Monitor job progress

Poll the job status endpoint:

curl -s http://127.0.0.1:8000/jobs/<job-id> | python -m json.tool

Stream the event timeline:

curl -s http://127.0.0.1:8000/jobs/<job-id>/events | python -m json.tool

The frontend at http://127.0.0.1:3000 auto-refreshes every 2 seconds while a job is active and renders the event timeline in chronological order.

Cancel a queued job

curl -s -X POST http://127.0.0.1:8000/jobs/<job-id>/cancel

Jobs in terminal states (SUCCEEDED, FAILED) are unaffected — the endpoint is a no-op. Cancelling a RUNNING job marks the DB row as CANCELLED but does not interrupt the worker process (soft cancel).

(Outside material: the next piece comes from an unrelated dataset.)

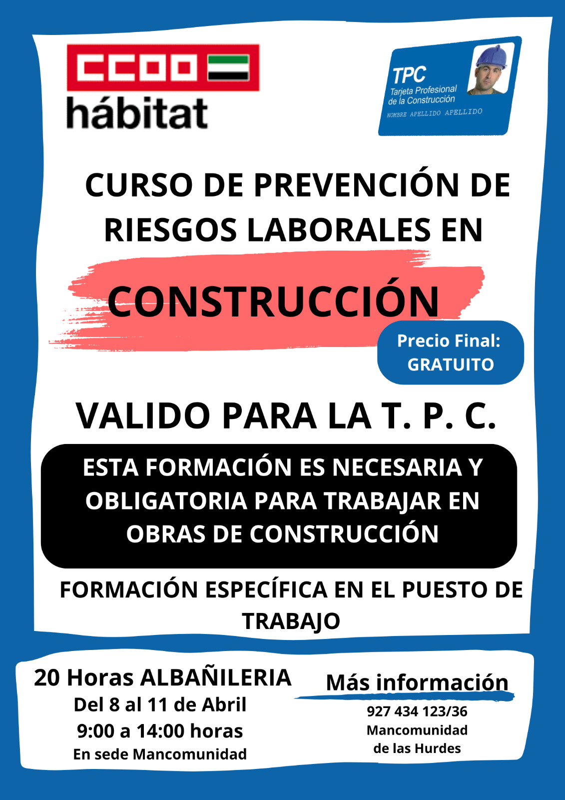 CURSO GRATUITO SOBRE PREVENCIÓN DE RIESGOS LABORALES EN LA CONSTRUCCIÓN EN LA SEDE DE LA MANCOMUNIDAD. ¡Anímate hacerlo! 18 febrero 2025 Del 8 al 11 de Abril HARAN EL CURSO LOS 12 PRIMEROS QUE SE APUNTEN.
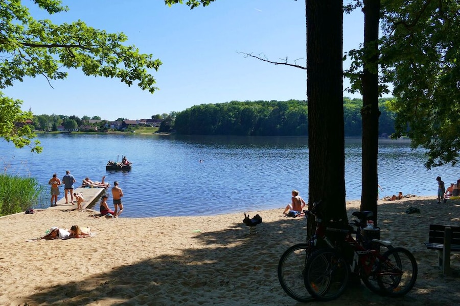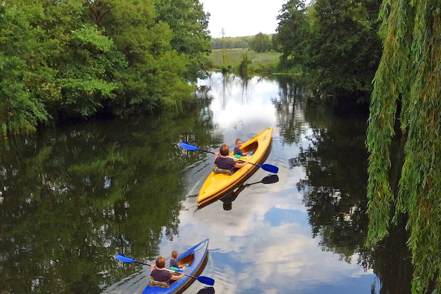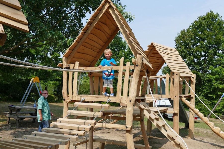 Lo Spreewald è noto per la sua rete di canali naturali. Vuoi scoprirli da vicino? Noleggia un kayak o una tavola SUP direttamente in campeggio. Se preferisci rimanere all’asciutto, puoi esplorare i dintorni in bicicletta o in monopattino elettrico. Grazie al servizio navetta, puoi raggiungere facilmente la vicina Lübben (a 15 km), da dove è possibile prendere il treno per Lübbenau o persino per Berlino. Altre gite interessanti includono la fabbrica di cioccolato Zotter (a 40 km) e il parco acquatico al coperto Tropical Islands (a 50 km).Una vacanza completa nello Spreewald

Run a job manually without RabbitMQ

Useful for debugging a specific job without the full message-broker pipeline:

poetry run python scripts/run_one_job.py <job-id-uuid>

The script loads the job from the DB and runs it through BaseWorker directly. The job must already exist in QUEUED status (created via the API before calling this script, for example).

Add a new operation

  1. Create protea/core/operations/my_operation.py:

    from protea.core.contracts.operation import (
        EmitFn, Operation, OperationResult, ProteaPayload
    )
    from sqlalchemy.orm import Session
    from typing import Any
    
    class MyPayload(ProteaPayload, frozen=True):
        some_param: str
    
    class MyOperation(Operation):
        name = "my_operation"
    
        def execute(
            self, session: Session, payload: dict[str, Any], *, emit: EmitFn
        ) -> OperationResult:
            p = MyPayload.model_validate(payload)
            emit("my_operation.start", None, {"param": p.some_param}, "info")
            # ... domain logic ...
            return OperationResult(result={"done": True})
    
  2. Register it in the worker entry point (scripts/worker.py):

    from protea.core.operations.my_operation import MyOperation
    registry.register(MyOperation())
    
  3. Route jobs to the appropriate queue (protea.jobs or a new dedicated queue).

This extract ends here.